YOUR TASK:
Each line in the data must be reproduced as written, except for any picture.

AVAILABLE DATA:
++++++++++++++++++++

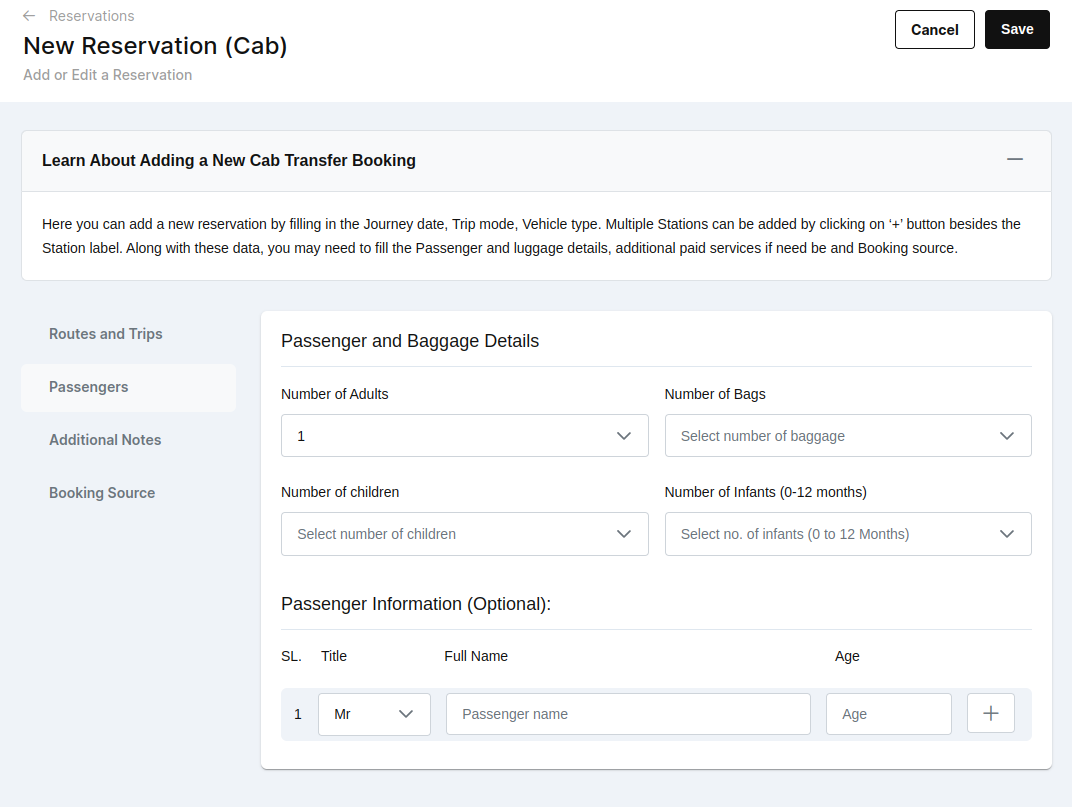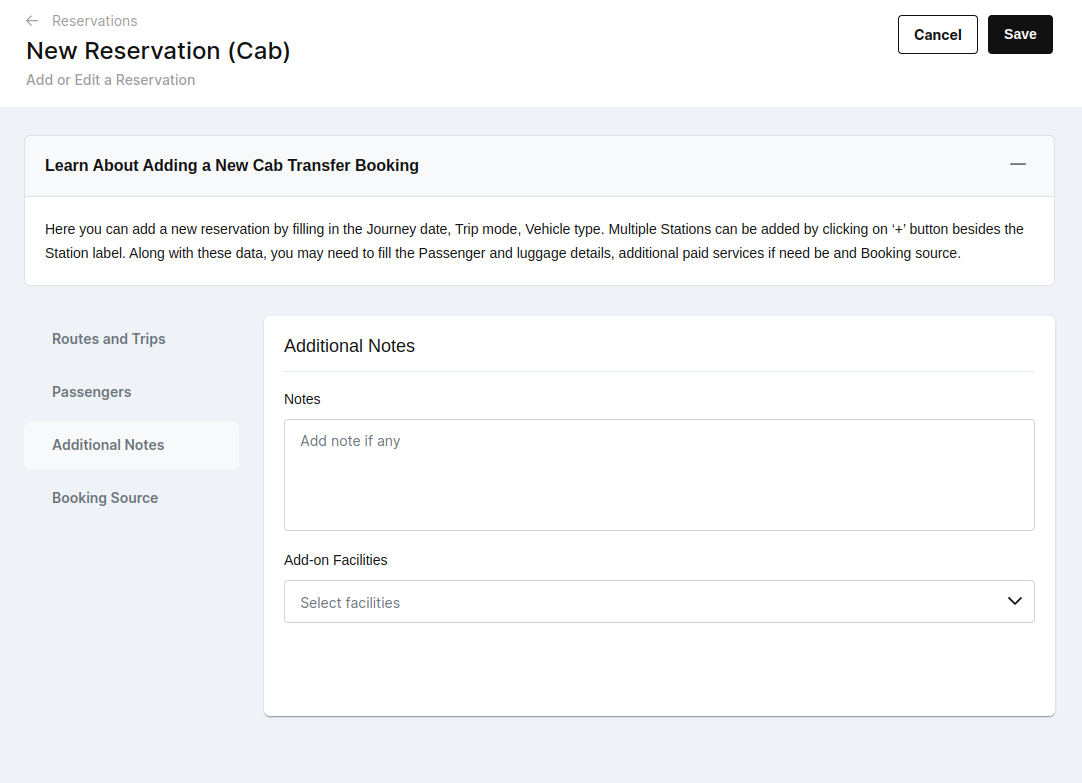 Learn About Adding a New Cab Transfer Booking: This introductory section provides customers with a brief explanation of the booking process and what information is required. It outlines that the form will capture details such as journey date, trip mode, vehicle type, and stations. It also mentions that additional passenger and luggage details, any extra paid services, and the booking source need to be filled in.
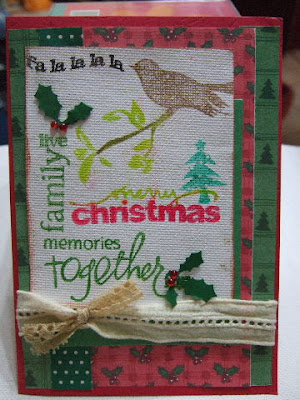 This Christmas card is made by stamping images on a white piece of canvas which is really easy to do - ink & stamp. However you need to let the ink dry completely before adhering to cardstock paper. Mine has smudge marks and resulted in a vintage looking card and that's the way I like it :) A quick and easy card to make and looks great, too, as the stamped images on canvas look like cross stitched.
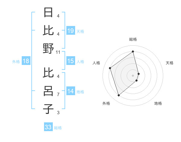 日比野 比呂子さんを姓名の画数から五運を鑑定
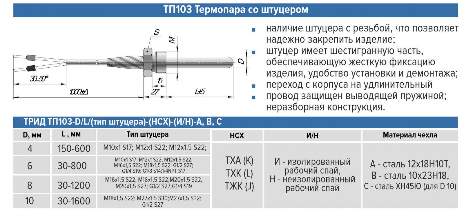 Серия термопар с удлинительным проводом является наиболее востребованной благодаря простоте конструктивного исполнения и широкому диапазону применения. Также характеризуется разнообразием конструкций и вариантов изготовления. В данной серии термопарных преобразователей ТРИД с кабельным выводом представлены пять моделей различного конструктивного исполнения.

++++++++++++++++++++

REPLY TO THE EXERCISE:
 Learn About Adding a New Cab Transfer Booking: This introductory section provides customers with a brief explanation of the booking process and what information is required. It outlines that the form will capture details such as journey date, trip mode, vehicle type, and stations. It also mentions that additional passenger and luggage details, any extra paid services, and the booking source need to be filled in.
 This Christmas card is made by stamping images on a white piece of canvas which is really easy to do - ink & stamp. However you need to let the ink dry completely before adhering to cardstock paper. Mine has smudge marks and resulted in a vintage looking card and that's the way I like it :) A quick and easy card to make and looks great, too, as the stamped images on canvas look like cross stitched.
 日比野 比呂子さんを姓名の画数から五運を鑑定
 Серия термопар с удлинительным проводом является наиболее востребованной благодаря простоте конструктивного исполнения и широкому диапазону применения. Также характеризуется разнообразием конструкций и вариантов изготовления. В данной серии термопарных преобразователей ТРИД с кабельным выводом представлены пять моделей различного конструктивного исполнения.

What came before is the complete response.